In one recent case, Marcum worked with a larger contractor filing their taxes on a percent complete basis. Upon reviewing their contracts, we were able to file a method change with the IRS and defer $13 million of income, which equated to reducing current federal income tax by $4.5 million. To take that one step further, in this rising interest rate environment, the contractor has more liquid cash available and has estimated the interest saved for one year alone on this money is another $250,000. This is one example, but it shows the importance of reviewing contracts to determine tax applicability.
179D
179D is a deduction for energy-efficient construction or building improvements to commercial buildings. What used to be a maximum deduction of $1.8 per square foot can now be a maximum of $5 per square foot as of January 1, 2023, if prevailing wage and apprenticeship requirements are met. This is a significant opportunity for many contractors. For example, a 100,000-square-foot project may yield a contractor an additional $500,000 deduction.

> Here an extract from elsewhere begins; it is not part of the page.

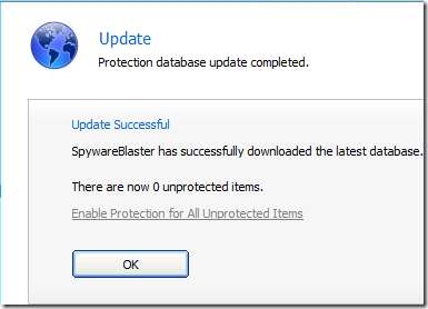Μετά SpywareBlaster έχει μια επιτυχημένη ενημέρωση της βάσης δεδομένων προστασίας της, θα λάβετε ένα μήνυμα επιβεβαίωσης.

Understanding this and knowing how to obtain this credit is critical. For contractors that can address energy efficiency on their projects, 179D likely represents a significant advantage.
Tax Credits
R&D Tax Credit
Construction companies may be eligible for research and development-related credits if they perform design-build contracts or continuously experiment to improve processes and techniques. Under current law, the IRS requires the capitalization of R&D expenses over five years, but if the Build It in America Act passes, those R&D expenses will no longer need to be capitalized through December 31, 2025. This is a tax credit on items the contractor already paid for, and provided the contractor qualifies, the contractor can use this credit to apply to taxes owed on the company’s profit.
45L Tax credit
45L tax credits are a per unit tax credit for home builders and developers of energy-efficient residential properties. Effective January 1, 2023, credits have increased to $2,500 (Energy Start Certified) or $5,000 (Zero Ready Energy Certified) per unit if prevailing wage requirements are met. Again, given this is a tax credit on items the contractor already paid for, and provided the contractor qualifies, the contractor can use this credit to apply to taxes owed on the company’s profit.

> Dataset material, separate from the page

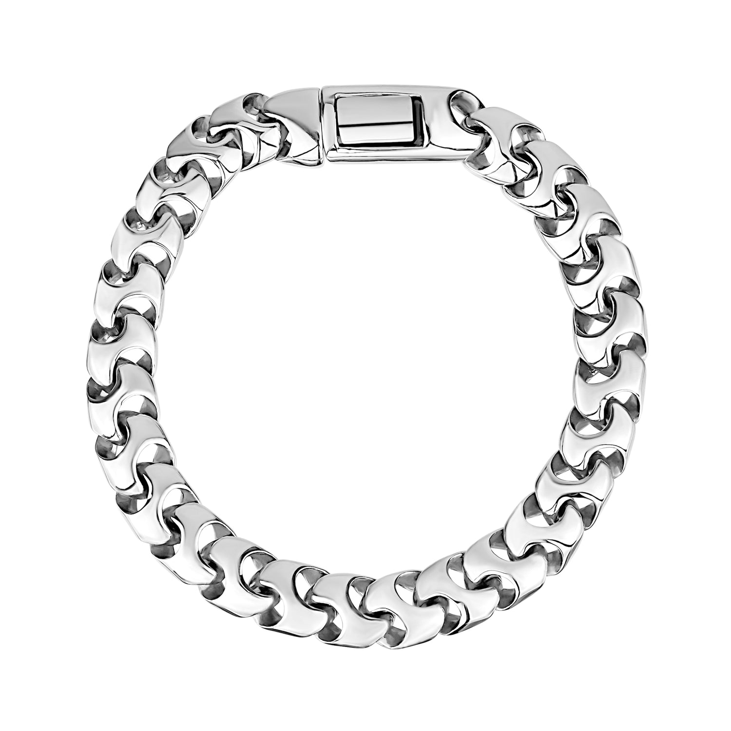 Unleash a wave of sophistication with the Contemporary Link Bracelet. Crafted from high-quality stainless steel, this bracelet features robust 9mm (0.35") links that exude a commanding presence around your wrist. The unique click-in button clasp ensures your bracelet remains securely fastened, combining ease of use with a seamless look. Its polished finish and sturdy design make it both an eye-catching and durable choice for everyday wear. Perfect for those who appreciate a blend of modern design and classic style.

Therefore, it is essential to address and assess the applicability of these and other tax credits to reduce the contractor’s overall tax burden.
Cost Segregation Study
A cost segregation study is an immediate acceleration of depreciation expense and is ideal for any real estate that a construction company or shareholders own. Instead of depreciating commercial property over 39 years, this study will break down the building into sub-components, reclassing 39-year property into property classes with depreciable lives of 15 years or less. Once these are classified into lower-class lives, they are eligible for bonus depreciation. This should be considered for 2023 as the 80% allowable bonus depreciation in 2023 will drop to 60% come January 2024. Given the opportunities under the Internal Revenue Code, contractors likely qualify as real estate professionals and can offset the losses against other income.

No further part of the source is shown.